Records provided Block Start

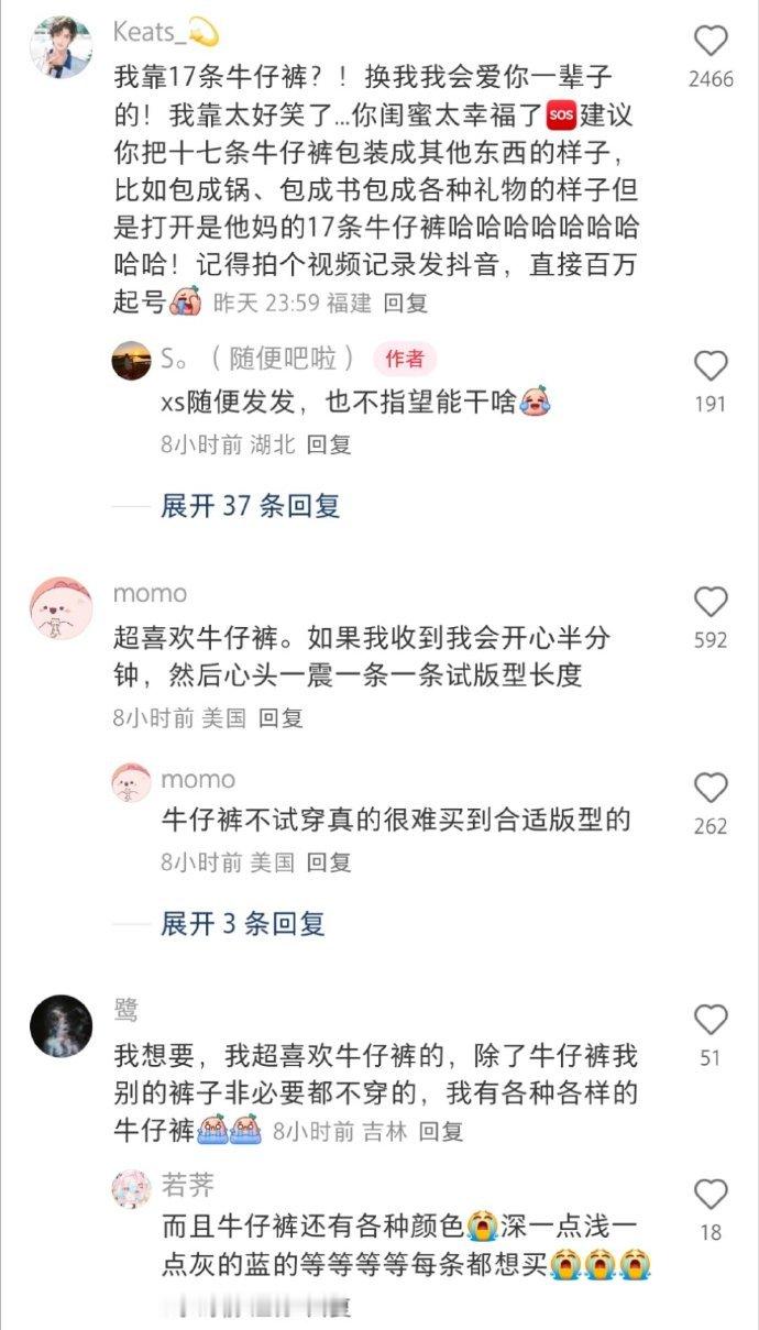 天啊!17条牛仔裤的礼物,我要是po主闺蜜我晚上都笑得睡不着了
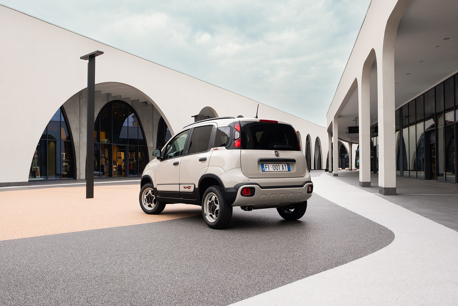Fiat Panda 4×40 ќе ја препознаете по налепниците и бандажите. Последните се интересна референца за оригиналните „nibs“ бандажи од првата Panda 4×4. Тие се само структурни бандажи кои не добија капаци и обоени се во бела боја, а додадено е  дискретно капаче за покривање на завртките. Ефектот е навистина добар и визуелно интересен.
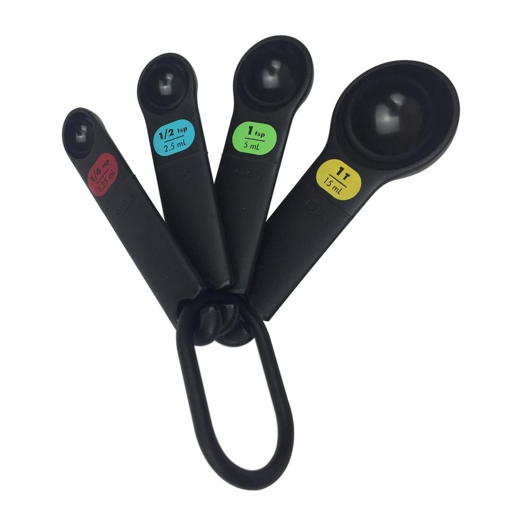 O conjunto de colheres de medição de 4 peças tem um recurso de de encaixe que permite que você retire a colher que você precisa, deixando o resto perfeitamente encaixado. As alças possuem punhos macios, confortáveis ??e antiderrapantes e marcações de medição fáceis de ler e codificadas por cores.
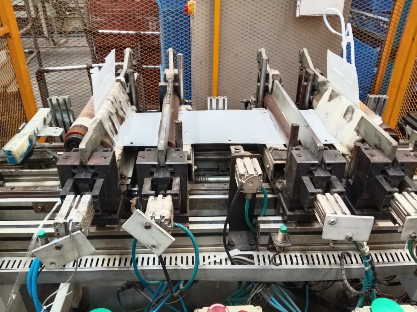 • Evaporator tube bending machine designed for forming and shaping evaporator coils used in air conditioners and refrigeration units. The machine uses precision bending tools and pneumatic actuators to bend aluminium or copper tubes into the required evaporator shape. The system is integrated with safety guarding and controlled through PLC-based automation to ensure accurate and repeatable bending operations.
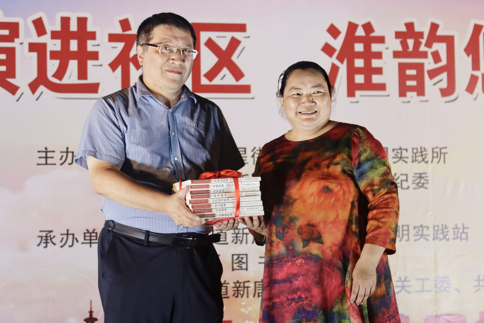活动开始前,亭湖区图书馆馆长朱晓梅向新唐社区党总支书记黄晓斌赠送了《祝您健康》杂志和《中国共产党革命精神系列》图书共120册,区图书馆工作人员组织现场的新唐社区居民观看了《国家功勋》展览。
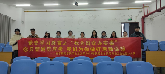 2021年临近尾声,为深化党史学习教育成果,在秋季期末考试周之际,音乐舞蹈学院学生党支部成立卫生执勤小分队,对学院各个教室进行卫生打扫,为全院考试工作做好做牢后勤保障,通过实际行动为群众办实事。
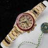 Bộ sưu tập: Cosmograph Daytona. Xuất xứ: Hong Kong. Bộ máy: Thụy sĩ. Kích thước: 40 mm. Kính: Sapphire. Chất liệu: Bọc vàng 18K, Kim cương Moissanite, Đá Ruby. Dây đeo: Oyster. Chức năng: Giờ, Phút, Giây, Chronograph. Kháng nước: 100m (10ATM).
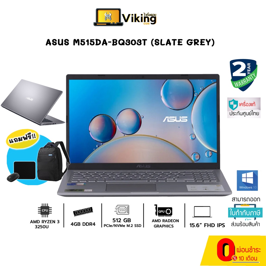 NOTEBOOK (โน้ตบุ๊ค) ASUS M515DA-BQ303T /Ryzen 3 /4GB /512GB/ Winแท้
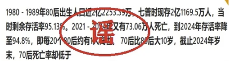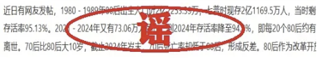 经查,网民“夏老师在上海”发布视频“80后到底还剩多少人”,捏造“80后剩余存活率降至94.8%(死亡率5.2%)”,成为后续系列谣言数据来源。
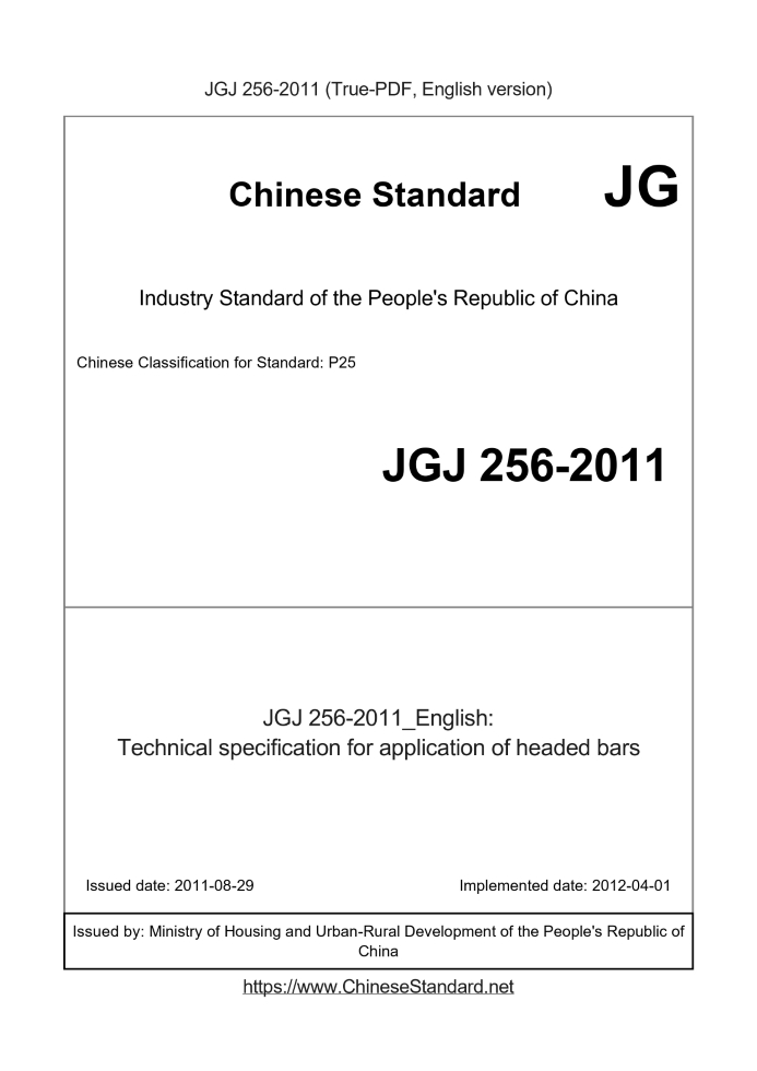 Delivery: <= 5 days. True-PDF full-copy in English will be manually translated and delivered via email. JGJ256-2011: Technical specification for application of headed bars Status: Valid
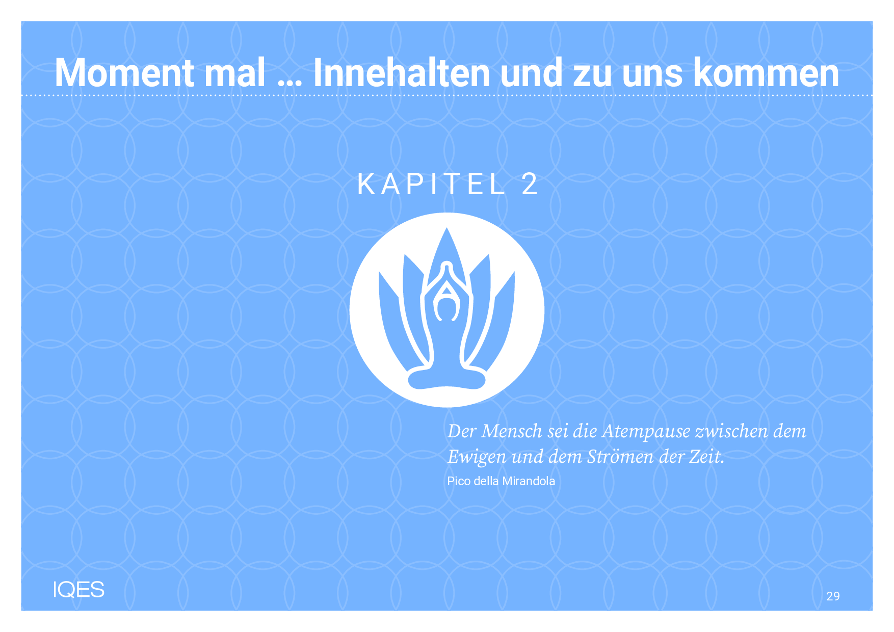 Wenn wir achtsam innehalten, schenken wir Aufmerksamkeit, Zeit und Zuwendung dem, was jetzt in uns und um uns da ist. Wir ermöglichen dann genau das, was uns im Alltag oft fehlt: sinnvolle Präsenz im gegenwärtigen Augenblick mit einer offenen, wertschätzenden und gelassenen Haltung.
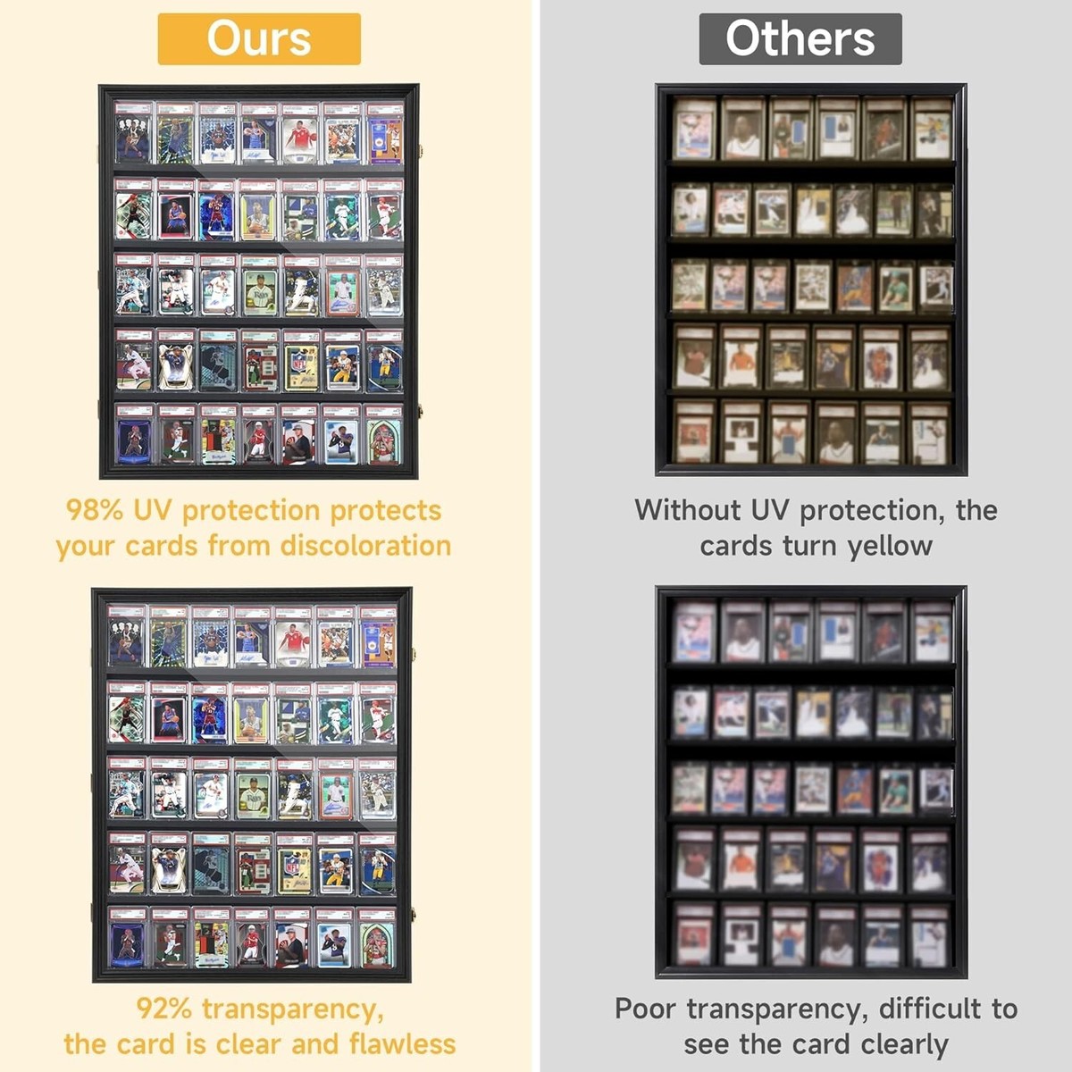 ?Thoughtful Design?Baseball card display case is made of Grade A acrylic with 92% transparency and 98% UV protection. Protect your cards from yellowing over time, provide an ultra-clear view of your sports cards

Records provided Block End

What is needed: The exact lines from the beginning of the data through the one that contains "Bộ sưu tập: Cosmograph" must be given again, both ends included, and pictures must be left out.

Result of the exercise:
 天啊!17条牛仔裤的礼物,我要是po主闺蜜我晚上都笑得睡不着了
Fiat Panda 4×40 ќе ја препознаете по налепниците и бандажите. Последните се интересна референца за оригиналните „nibs“ бандажи од првата Panda 4×4. Тие се само структурни бандажи кои не добија капаци и обоени се во бела боја, а додадено е  дискретно капаче за покривање на завртките. Ефектот е навистина добар и визуелно интересен.
 O conjunto de colheres de medição de 4 peças tem um recurso de de encaixe que permite que você retire a colher que você precisa, deixando o resto perfeitamente encaixado. As alças possuem punhos macios, confortáveis ??e antiderrapantes e marcações de medição fáceis de ler e codificadas por cores.
 • Evaporator tube bending machine designed for forming and shaping evaporator coils used in air conditioners and refrigeration units. The machine uses precision bending tools and pneumatic actuators to bend aluminium or copper tubes into the required evaporator shape. The system is integrated with safety guarding and controlled through PLC-based automation to ensure accurate and repeatable bending operations.
活动开始前,亭湖区图书馆馆长朱晓梅向新唐社区党总支书记黄晓斌赠送了《祝您健康》杂志和《中国共产党革命精神系列》图书共120册,区图书馆工作人员组织现场的新唐社区居民观看了《国家功勋》展览。
 2021年临近尾声,为深化党史学习教育成果,在秋季期末考试周之际,音乐舞蹈学院学生党支部成立卫生执勤小分队,对学院各个教室进行卫生打扫,为全院考试工作做好做牢后勤保障,通过实际行动为群众办实事。
 Bộ sưu tập: Cosmograph Daytona. Xuất xứ: Hong Kong. Bộ máy: Thụy sĩ. Kích thước: 40 mm. Kính: Sapphire. Chất liệu: Bọc vàng 18K, Kim cương Moissanite, Đá Ruby. Dây đeo: Oyster. Chức năng: Giờ, Phút, Giây, Chronograph. Kháng nước: 100m (10ATM).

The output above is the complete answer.